Capítulo 35

Serena estaba de pie, mirando por la ventana del despacho de Tony el bosque de abedules que había detrás de la casa de éste. Vio más líneas punteadas de huellas de ciervos en la nieve. Estaban por doquier, dejando su rastro para que ella lo siguiera.

—Es una hermosa vista, Tony —murmuró ella sin mirar atrás.

Tony estaba en su silla de cuero junto al sofá, sorbiendo café y aguardando mientras ella daba zancadas. No la presionaba para que hablara. Llevaba un traje marrón, zapatos abrillantados a juego y corbata del mismo color.

—Te agradezco que me hayas recibido avisando con tan poco tiempo —añadió Serena.

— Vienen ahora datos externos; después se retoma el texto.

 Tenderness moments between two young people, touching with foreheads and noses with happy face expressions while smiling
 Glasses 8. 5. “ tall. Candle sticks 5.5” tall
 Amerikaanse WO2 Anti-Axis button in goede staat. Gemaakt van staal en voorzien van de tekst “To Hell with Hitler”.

—Has dicho que era importante.

Ella asintió. Suponía que si realmente aguardaba allí lo suficiente, vería a los ciervos abriéndose camino entre los árboles. Ya había ocurrido en otras ocasiones. Había visto ciervos, zarigüeyas, conejos y en una ocasión incluso un zorro. Éste, con su color rojizo y espesa cola, era mucho más pequeño de lo que esperaba.

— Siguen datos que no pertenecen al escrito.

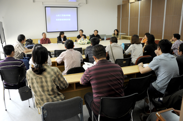5月30日上午九点,304am永利集团官网教师基础教学课程培训开课仪式,在视觉传达设计学院多媒体教室开课。开课仪式由视觉传达设计学院院长石增泉主持,304am永利集团官网副院长苗登宇,美国阿尔弗雷德大学陈小文教授出席了本次开课仪式,出席本次开课仪式的还有服装学院院长罗云平、数字艺术与传媒学院院长王传东、视觉传达设计学院副院长侯立平以及教务处弥友海老师等。 苗登宇副院长致开课词,苗登宇副院长介绍了学校近年来在基础教学方面的情况,学校针对基础教学将采取一系列的措施,包括培训、全国基础教学研讨会、教学计划的修定等。潘鲁生院长对基础教学十分关注,指出尽快召开全国基础教学研讨会,提升工艺基础教学向更高的目标前进,苗登宇副院长还感谢陈小文教授来永利官网为基础课教师授课,希望参加培训的教师珍惜这次机会,把优秀的基础教学理论学到手,形成永利官网的基础理论教学体系和实践教学体系。 陈小文教授就中美基础教学之间的差别与美国的基础教学理念谈了自己的看法,并对国内的基础教学现状进行剖析。陈小文教授希望通过这次培训大家对基础课教学进行一次梳理,结合山东工艺美院的实际情况提升基础课程的教学质量,抛弃以感觉为教学主导的个人经验主义,形成具有理性思考,科学合理的大基础教学体系。 此次教师基础教学培训是落实潘院长提出的进一步提升、研究工艺美院基础教学问题指示精神的一部分,六月底的全国基础教学研讨会和基础教学作品展也即将举行。 开课仪式圆满结束后,培训正式开始。 本次培训活动由304am永利集团官网教务处主办,视觉传达设计学院承办。邀请美国阿尔弗雷德大学陈小文教授担任培训教师,各二级学院二十名教师参加本次培训。本次课程时间为5月30至6月3号,上午课程时间为9:00至11:30,下午课程时间为13:30至16:30,上课地点为教学楼412教室。 陈小文教授首先对绘画空间和绘画平面进行了系统的阐述,并且通过对毕加索,马蒂斯等大师的作品的解读,强调了绘画空间和绘画平面的重要性。对于陈小文教授提到的“大素描”的概念,各位老师展开了激烈的讨论,参加培训的各位老师结合自己的专业和自己平时的课程安排提出了自己的观点和对于课程安排的建议。 同时,陈小文教授对构图,画面空间,材料以及对点、线、面画面元素的把握发表了自己的观点,并且还带来了自己学生的作品,对其作品的理念和创作动机进行了解释,针对这一课程,陈小文教授要求各位老师在课下多下功夫,建议各位老师在课堂上积极的创作。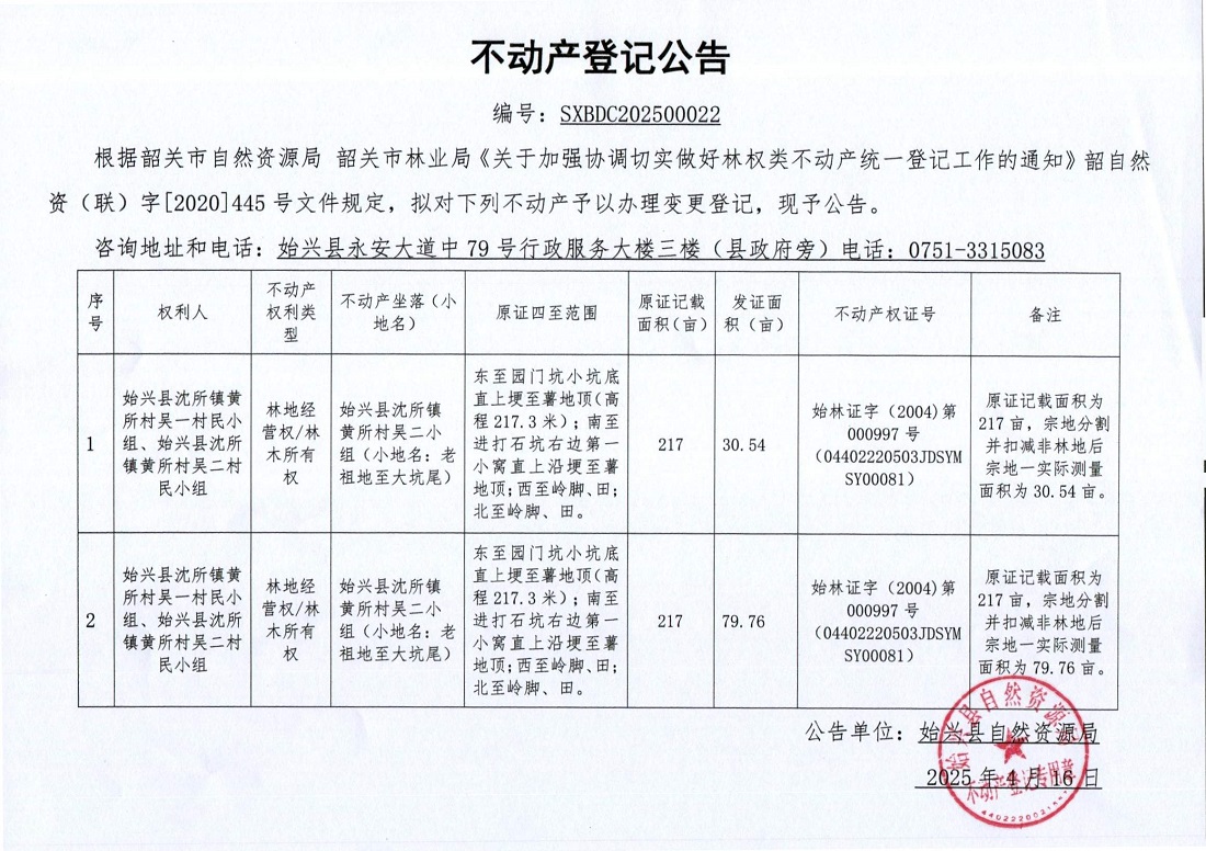 不動產登記公告(沈所鎮黃所村吳一、吳二小組)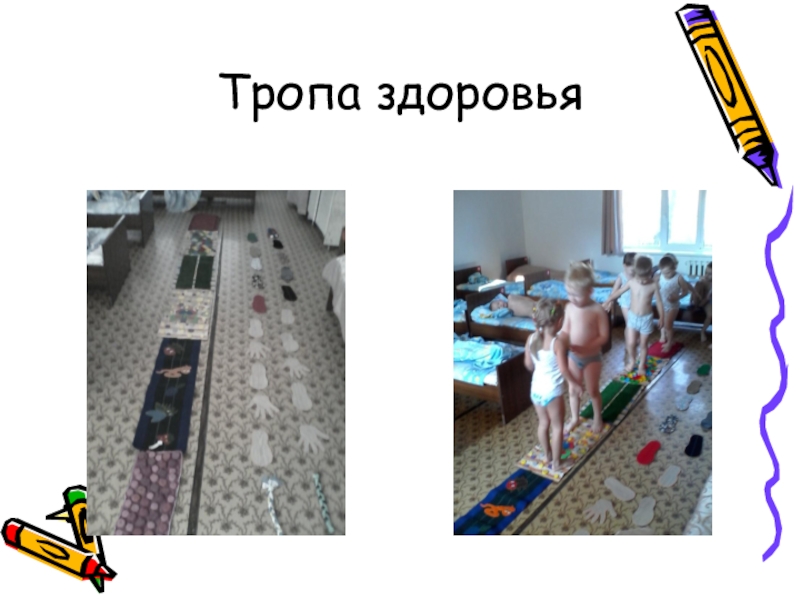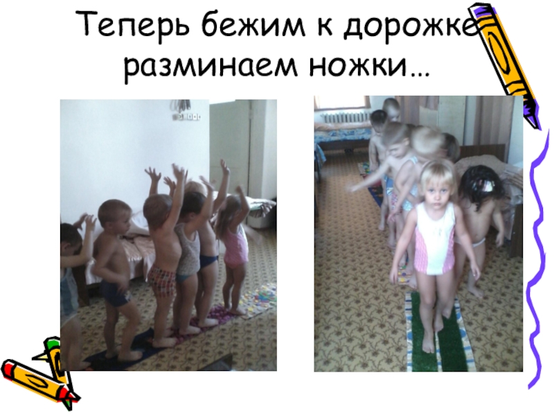 Слайд 13Теперь бежим к дорожке разминаем ножки…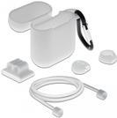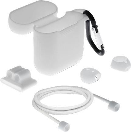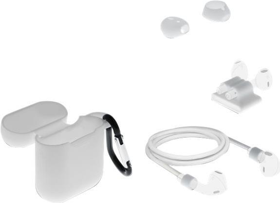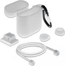 Dieses Zubehörset von Delock bietet einen 5-in-1-Rundumschutz für die Apple AirPods. Es beinhaltet die Schutztasche für den Ladebehälter, einen Halteclip, zwei Ohrstöpsel, ein Halteband und einen Karabinerhaken.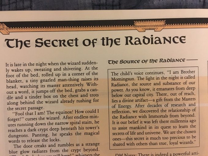 The “Radiance” is another callback to a classic D&D campaign setting, this time Dave Arneson’s Blackmoor, which we noted earlier was officially set 1000s of years before Mystara! In City of the Gods, discussed above, players can explore a crashed spaceship; the reactors of this ship, which get magically tinkered with by bored Immortals over the millennia, becomes the source of the Radiance!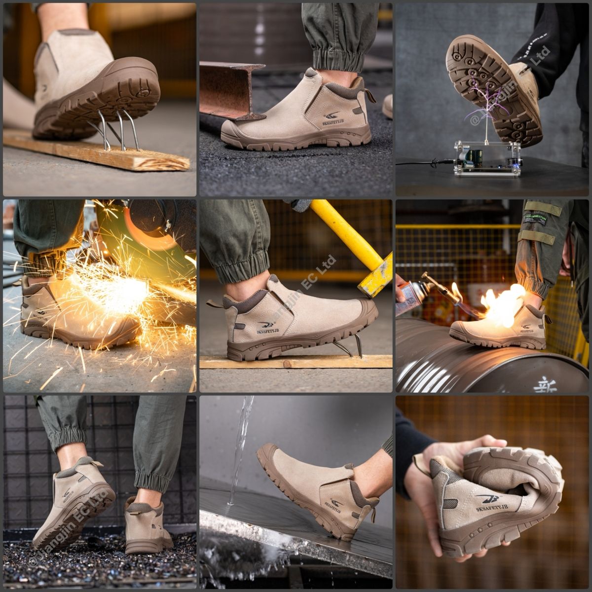 Utral light safety shoe: It is like the weight of a pair of running shoes. They can help you to work happily all day without exhausting your feet. With super soft insoles and High elastic sole, your feet are safe and comfortable.
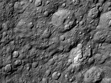 In this image obtained by NASA's Cassini spacecraft on its closest flyby of Saturn's moon Rhea, the heavily cratered surface of the moon appears in great detail. Just to the bottom right of the center of this image, a bright area appears to indicate a freshly excavated double crater. Image credit: NASA/JPL/SSI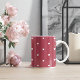 Diese niedliche Tasse zeichnet sich durch ein kleines weißes Herzmuster im Polka-Dot-Stil auf bordeauxrotem Hintergrund aus. Eine tolle Geschenkidee zum Valentinstag! *Mockup von alexandercho auf freepik.com*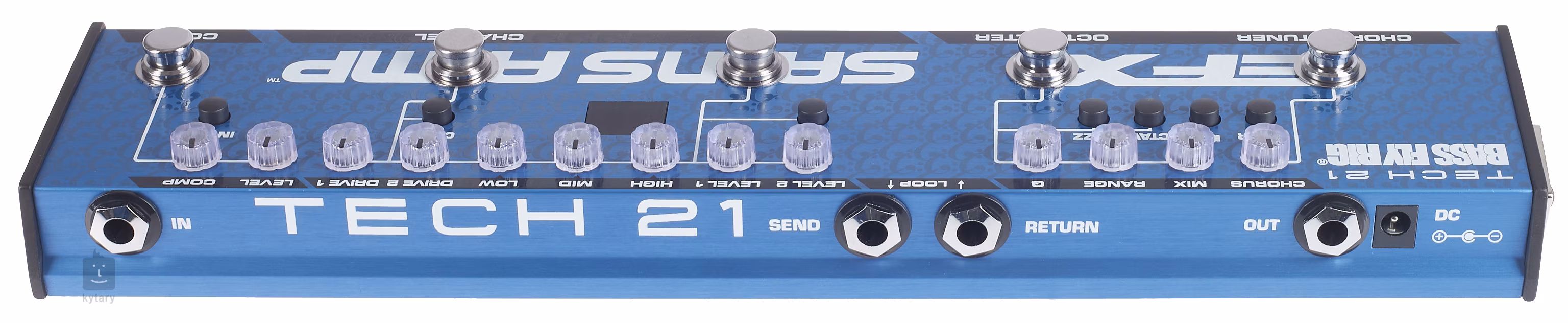 Le Bass Fly Rig est un multi-effet compact qui vous permet de transporter votre son préféré avec votre basse dans un gigbag. Il est basé sur la technologie de modélisation SansAmp et offre une grande variété de sons qui peuvent être personnalisés à l'aide d'une unité d'effets comprenant un chorus, un fuzz et un octaver ou un compresseur FET intégré. Vous disposez également de deux potentiomètres indépendants pour contrôler la fonction Drive (pour le gain et l'overdrive) ou, par exemple, la fonction Bite, qui donne à votre son encore plus de clarté et d'intelligibilité. En combinant les unités, vous pouvez également obtenir des sons de synthé avec un sustain infini. Il y a aussi un Pad pour amortir les instruments actifs à haut rendement, un accordeur chromatique, une sortie XLR ou une boucle d'effets.

Dio la vuelta y regresó al sofá para sentarse. Jugueteó con su pelo. Tony guardaba silencio.

—¿Qué pasaría si llevaras algo que no fuera marrón? —preguntó Serena.

—Mi cabeza explotaría.

Serena rompió a reír.

—Maggie bromea con eso, ¿lo sabías?

—Lleva diez años tomándome el pelo con este tema.

—¿Se supone que ha de tranquilizar a tus pacientes?

—¿A mis pacientes? —repitió Tony—. No, se supone que ha de tranquilizarme a mí. El marrón es mi coraza. Por cierto, te acabo de desvelar un secreto profesional, así que no se lo cuentes a nadie.

—¿Ni siquiera a Maggie?

—Especialmente a ella.

Serena tamborileó con los dedos en el brazo del sofá.

—Esta noche debo hacer algo que me incomoda —dijo, finalmente.

—Bien.

—Me gustaría algún consejo sobre cómo llevarlo.

—Bien.

Nunca la guiaba, y eso a veces la enfurecía, porque ella quería que le diera una directriz y no sentir siempre sobre sus hombros el peso de decidir hacia dónde iban. Una observación estúpida, por supuesto. Era su hora de terapia.

—Primero hablemos de otra cosa —dijo—. Es sobre Eric.

Tony aguardó. Cuando bebía café, la taza negra le cubría la mitad inferior de la cara y ella sólo podía ver sus ojos de sabueso.

—¿Mencionó que hubiera visto a una mujer llamada Helen Danning?

—No.

—¿Has tratado alguna vez a una mujer con ese nombre?

—No.

—Vaya, qué fácil es esto —continuó ella—. Es una maniobra de distracción, ¿te has dado cuenta?

Tony no respondió.

—¿No se supone que tienes que sacarme todo esto de dentro? —le preguntó ella.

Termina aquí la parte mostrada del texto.